Bernhard obtained one of the plastic seals used in his video from an election official in Washtenaw County where he is serving as a volunteer poll worker. “I had poll worker training and I asked the trainer if I could take one [of the tags] home, and he said sure,” Bernhard told Motherboard. But these and other seals used in Michigan can be purchased by anyone from an election supplies website.
A handy chart posted on the secretary of state’s website lists all of the seals and certificates Michigan uses to secure and track election equipment and ballots, along with a description of what each item is used for as well as pictures showing how they look. The state has also posted a number of videos online showing how election officials use the devices to secure ballots, memory cards, and other equipment.

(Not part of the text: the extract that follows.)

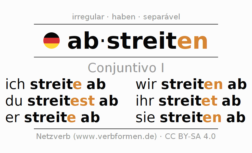 As formas de conjugação do verbo abstreiten (negar, contestar) no conjuntivo I são: ich streite ab, du streitest ab, er streite ab, wir streiten ab, ihr streitet ab, sie streiten ab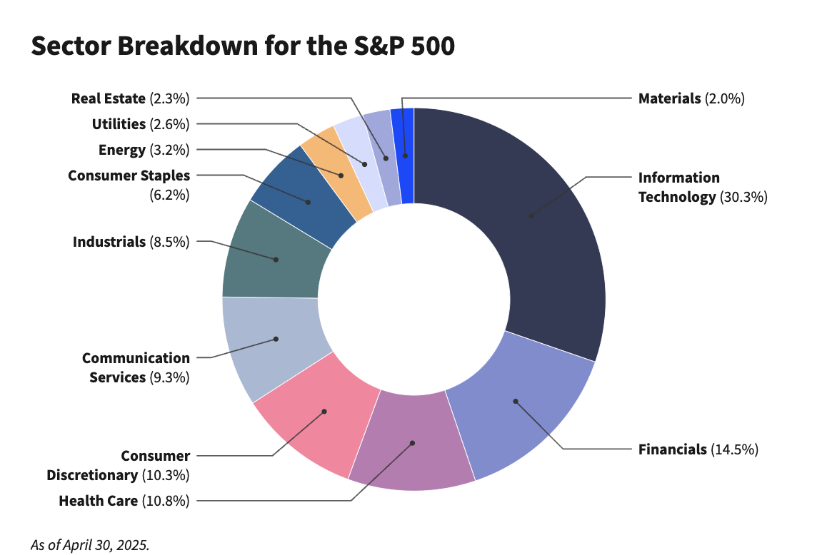 S&P 500은 미국을 대표하는 500개 대형 상장기업의 시가총액 가중 지수이다. 이는 단순히 주가가 높은 기업에 더 큰 영향을 주는 방식이 아닌, 기업의 전체 시장가치(주가 × 발행 주식 수)에 따라 지수에 반영된다. 덕분에 애플, 마이크로소프트, 아마존 등 거대 기업들이 지수에서 차지하는 비중이 높다.

Bernhard was able to order two other types of election seals listed on the Michigan website, as well as several paper seals, tamper-evident stickers, and election certificates through Election Source. The Michigan-based company provides equipment and supplies primarily to that state, but also to jurisdictions outside Michigan. It sells voting machines, election-management software, security seals, and forms election officials use for tracking paper ballots, certifying that seals on voting machines and ballot boxes are properly affixed, and for canceling the registration of individual voters or transferring their registration to another jurisdiction.
Bernhard said Election Source didn’t ask him why he needed the items or conduct due diligence to ensure it was only selling to authorized election officials. Election Source didn’t return a phone call seeking comment about procedures for ensuring that only authorized election personnel can purchase security seals and other official election supplies.
Susan Greenhalgh, policy director at the National Election Defense Coalition, an election integrity group, said Bernhard’s videos and collection of seals and certifications from Election Source show why election officials shouldn’t rely on the physical security of voting machines to protect them and the integrity of elections. The only way to ensure the integrity of an election, she told Motherboard, is through paper ballots and manual audits of those paper ballots after each election.
“Cyber security expert have long insisted that resilience against cyber attacks in the form of paper ballots and post-election audits is the only way to ensure elections are not manipulated,” she said.